I like that idea, since ps gives an instantaneous count instead of an
average.  I don't know much about process states, but some brief
playing around reveals some issues:

1. It's not accurate.  Running `pbzip2 bigfile.txt` while watching `ps
-u $USER -o s,pcpu,args` often shows state S (sleeping) even when
using 1600% CPU.
2. It doesn't account for multithreaded programs.  Running pbzip2 at
1600% CPU shows only one R (running).  Fortunately, ps -L seems to fix
this, while also helping #1.
3. If I have more than one disk or network adapter, I can usefully
have more than one process in the 'D' (I/O) state.  This seems tough
to get right automatically; perhaps a separate "--ioload" option is
easiest.

If the machine is swapping, the user can fix that with --noswap.  But
swapping is really running out of memory, which is probably best
addressed with an orthogonal "--memload" or "--min-free-mem" option.

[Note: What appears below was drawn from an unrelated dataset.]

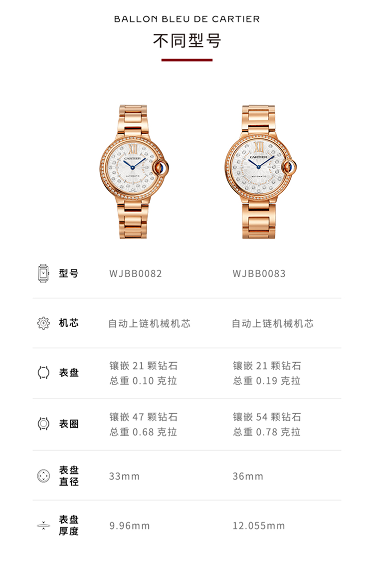 Ballon Bleu de Cartier卡地亚蓝气球腕表,33毫米表款,自动上链机械机芯。750/1000玫瑰金表壳,镶嵌47颗明亮式切割圆钻,总重0.68克拉。凹槽式表冠,镶嵌1颗凸圆形蓝宝石。哑光镀银转印阳光射线纹饰表盘,镶嵌21颗明亮式切割圆钻,总重0.10克拉。剑形蓝钢指针。合成蓝宝石水晶镜面。750/1000玫瑰金可替换式表链。厚度:10.49毫米。生活防水深度3巴(约30米)。
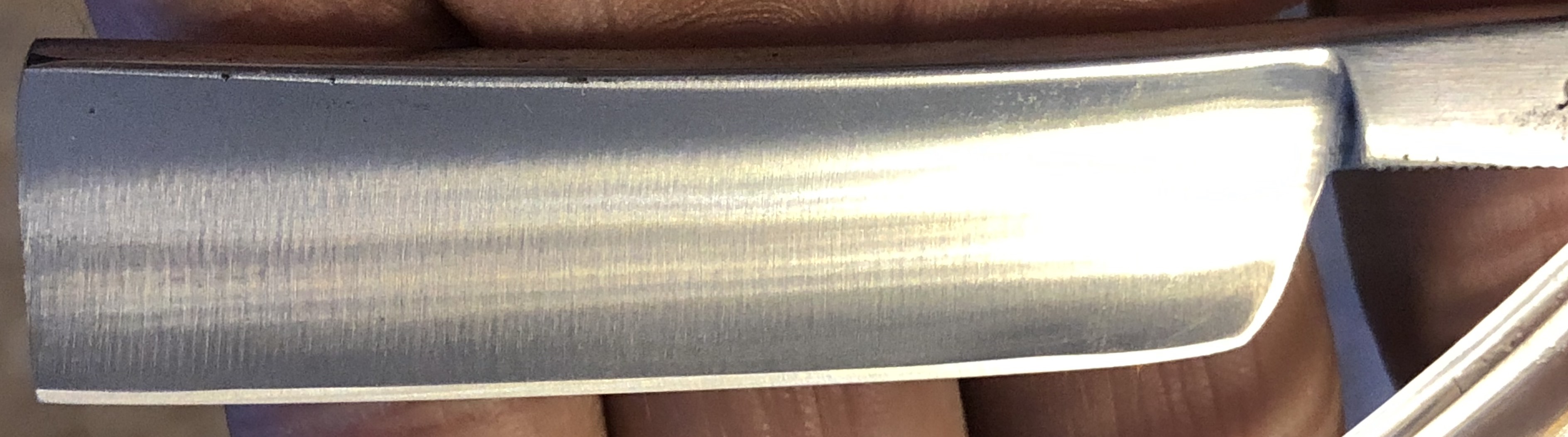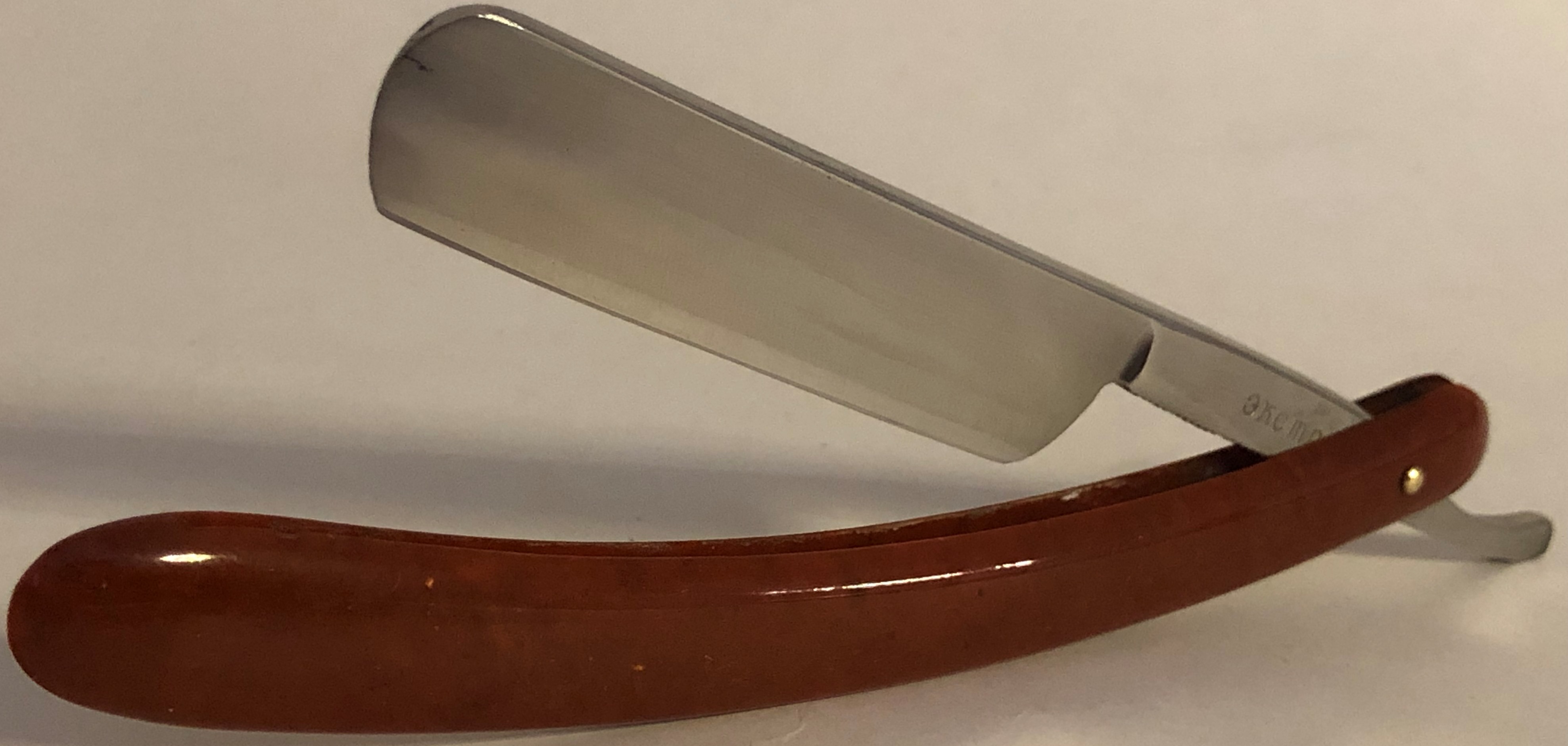 Клинок в очень хорошем и по всей видимости непользованном состоянии.Ручку оригинальную снял и поставил самодельную,от какой то советской бритвы, ручной работы.Материал-прозрачное орг-стекло.Как раз клиночек хорошо зашел в свой новый сюртук. Бритва будет неплохим рабочим инструментом, без какой либо претензии на историческую ценность. На мой взгляд, клиночек ещё долго послужит...

Having something like parallel --load 100% --ioload 4 --min-free-mem
2G would be awesome: only start new jobs if there are < $num_cpus
threads in the R state, < 4 in the D state, and > 2GB free memory.
That way I can have lots of processes with highly variable workloads
all doing their own thing and not stepping on each other.

(I can see both --memload and --min-free-mem being useful, the first
for "I need to reserve 4G system RAM for other stuff," the second for
"Each job needs 2G RAM."  The second is probably more common.)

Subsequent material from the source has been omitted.